* Work item
In the records below, reproduce exactly the lines from the one containing "Chroma Hue and Index Catalog, herringbone" through the one containing "Primary-switched MINI POWER", both included, and omit the pictures.

Excerpted records: Begin

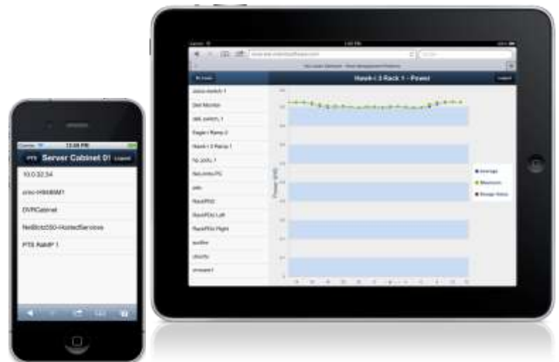
RaMP Handheld Applications
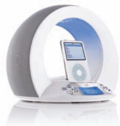
JBL On Time™ The clock radio that's playing your song.
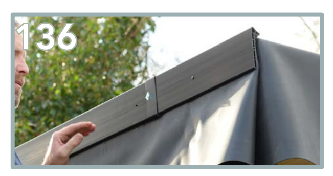
Use the clips provided to clip the pieces together. Repeat the same process on the opposite side.
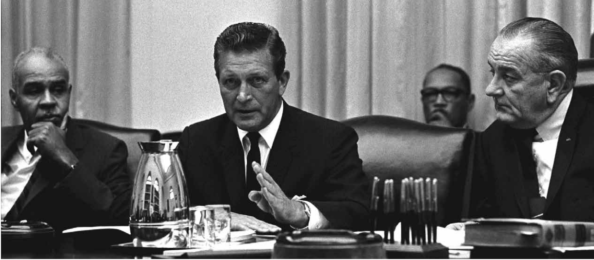
Roy Wilkins, Governor Otto Kerner (chairman), and President Lyndon B. Johnson.
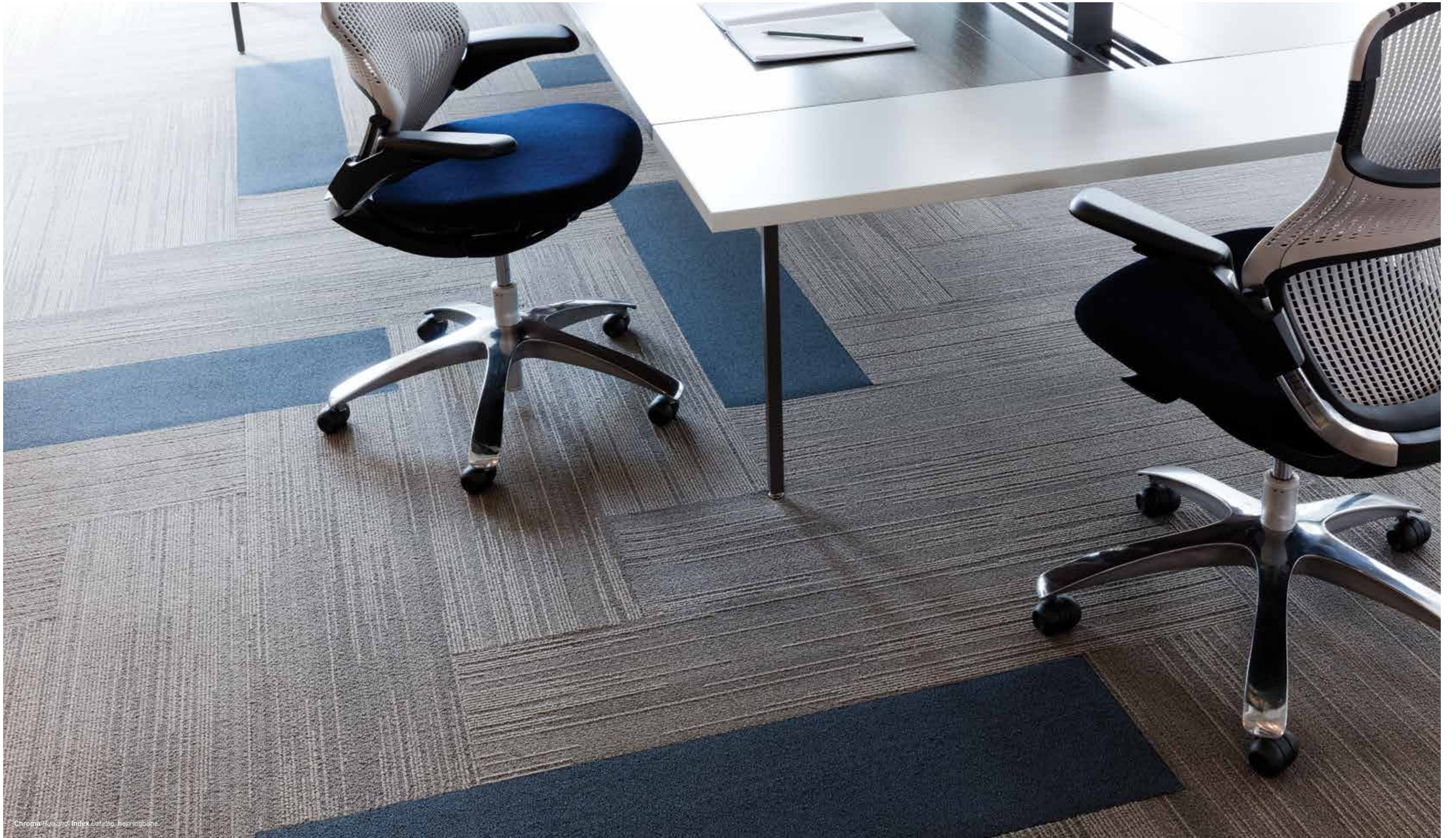
Chroma Hue and Index Catalog, herringbone

To be used for borders, accents and insets only.
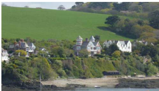
Figure 2 Falmouth (Cornwall) England
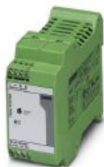
Primary-switched MINI POWER power supply for DIN rail mounting, input: 1-phase, output: 24 V DC/2 A

Please be informed that the data shown in this PDF Document is generated from our Online Catalog. Please find the complete data in the user's documentation. Our General Terms of Use for Downloads are valid ( http://phoenixcontact.com/download )
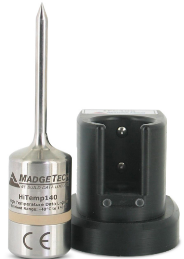
IFC400 (sold separately)

Using the MadgeTech Software, starting, stopping and downloading the HiTemp140 is simple and easy. To use, simply place the HiTemp140 in the IFC400 or IFC406 docking station (sold separately). Using the software, an immediate or delay start can be chosen, as well as the reading rate. Start the data logger, remove it from the docking station and the device is ready to be deployed. Graphical, tabular and summary data is provided for analysis and data can be viewed in °C, °F, K or °R. The data can also be automatically exported to Excel® for further calculations.
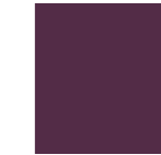
06 VIOLET 4100804
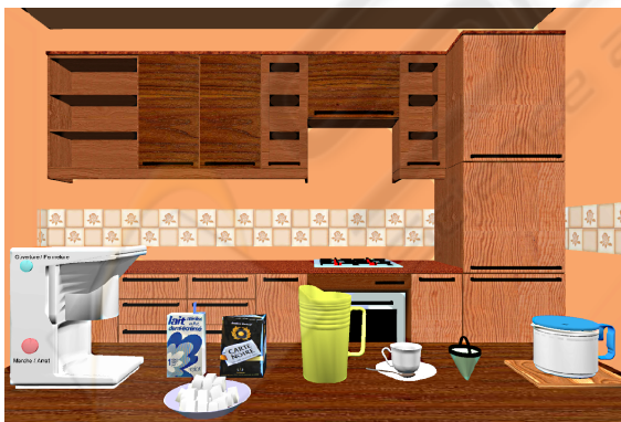
Figure 3: Snapshot of the complex configuration of the kitchen: interacting virtual objects are put away from each other.
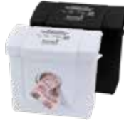
Scensibles® Plastic Combination Receptacle (Removable Rigid Plastic Liner)
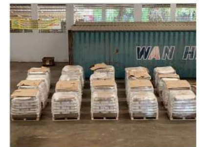
Warehouse & Assembly Centre at Indonesia
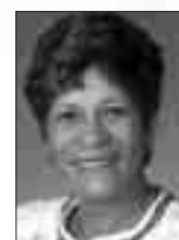
Head Coach C. Vivian Stringer
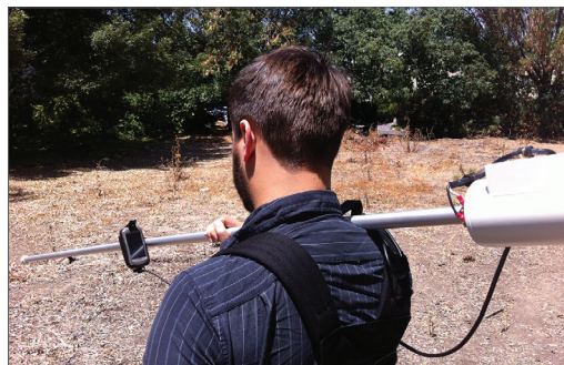
G-857 and Optional Garmin® GPS

The G-857 provides a reliable, low-cost solution for a variety of magnetic search and mapping applications. Single keystroke operation means the G-857 can be operated by non-technical field personnel and used in teaching environments. The G-857 uses the well-established proton precession method, allowing accurate measurements to be made with virtually no dependence upon variables such as sensor orientation, temperature or location. The unit provides a repeatable absolute total field magnetic reading, traceable to the National Institute of Standards and Technology.
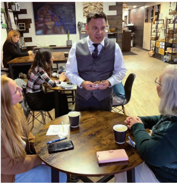
Hosting a coffee house in Belle River
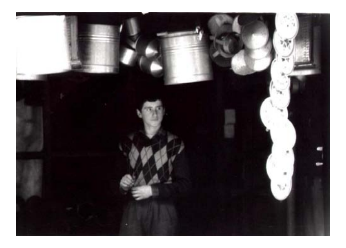
Fig. 3. Still from Look at me (1998) by Petek Berksoy.
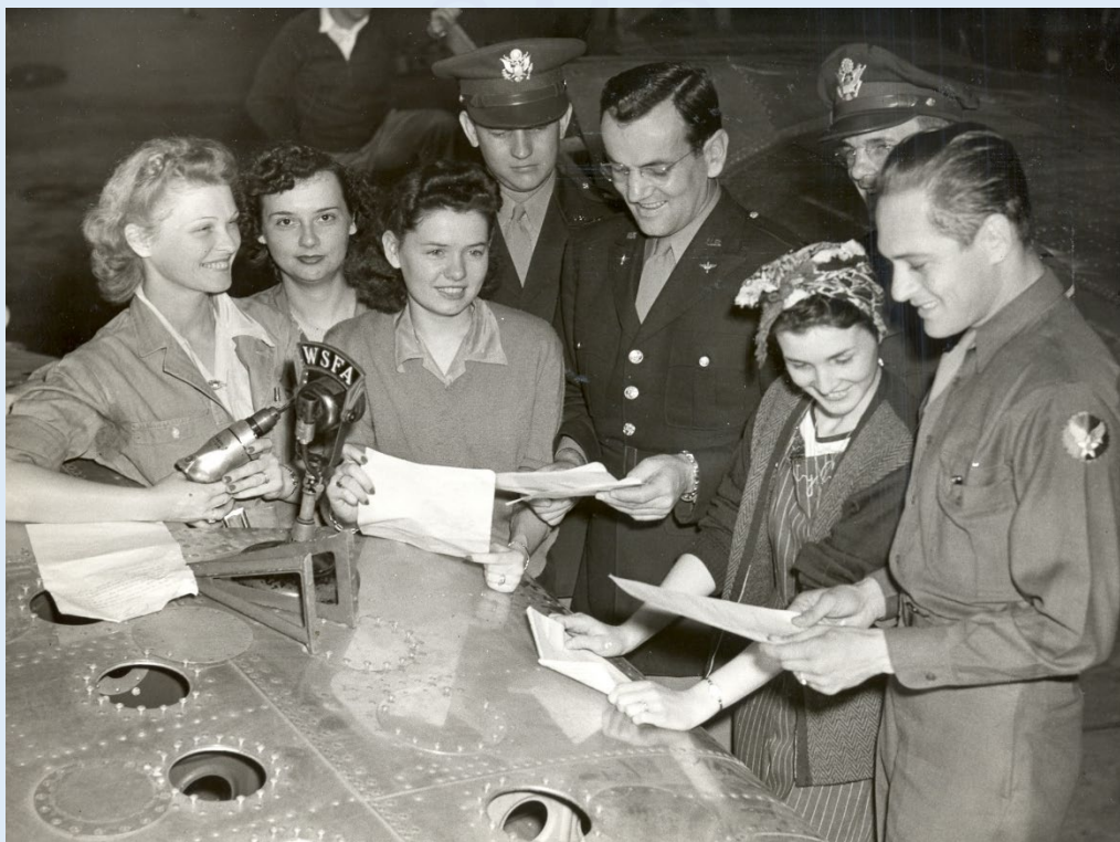
NBC "Army Hour" Broadcast from Maxwell Field
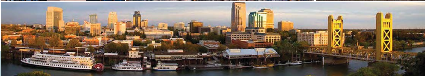
Exhibit B: Qualifications and Experience
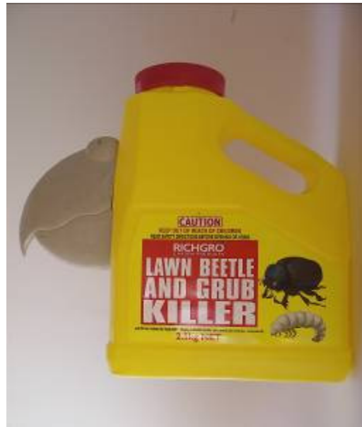
Fiona Hall Mourning Chorus (2007 – 08) (detail) resin, plastic, vitrine dimensions variable Courtesy of the artist and Roslyn Oxley9 Gallery, Sydney, Australia © the artist

'Online Collection' (search results for 'birds'), Te Papa Tongawera Museum of New Zealand website, http://collections.tepapa.govt.nz/Search.aspx?imagesonly=on&advanced=colCollectionType%3ABirds
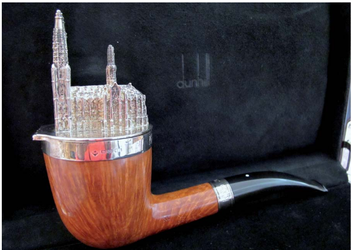
Figure 2: Specially commissioned Dunhill Pipe.

In 2005, in recognition of his contribution to the pipe world, Dunhill produced a special pipe for Peter (Fig. 2). This unique straight grain pipe has a cover made of silver that depicts Cologne cathedral, which holds a special affiliation for Peter. On the rim of the lid you can find Peter's name.

Excerpted records: End

* Exercise result
Chroma Hue and Index Catalog, herringbone

To be used for borders, accents and insets only.
Figure 2 Falmouth (Cornwall) England
Primary-switched MINI POWER power supply for DIN rail mounting, input: 1-phase, output: 24 V DC/2 A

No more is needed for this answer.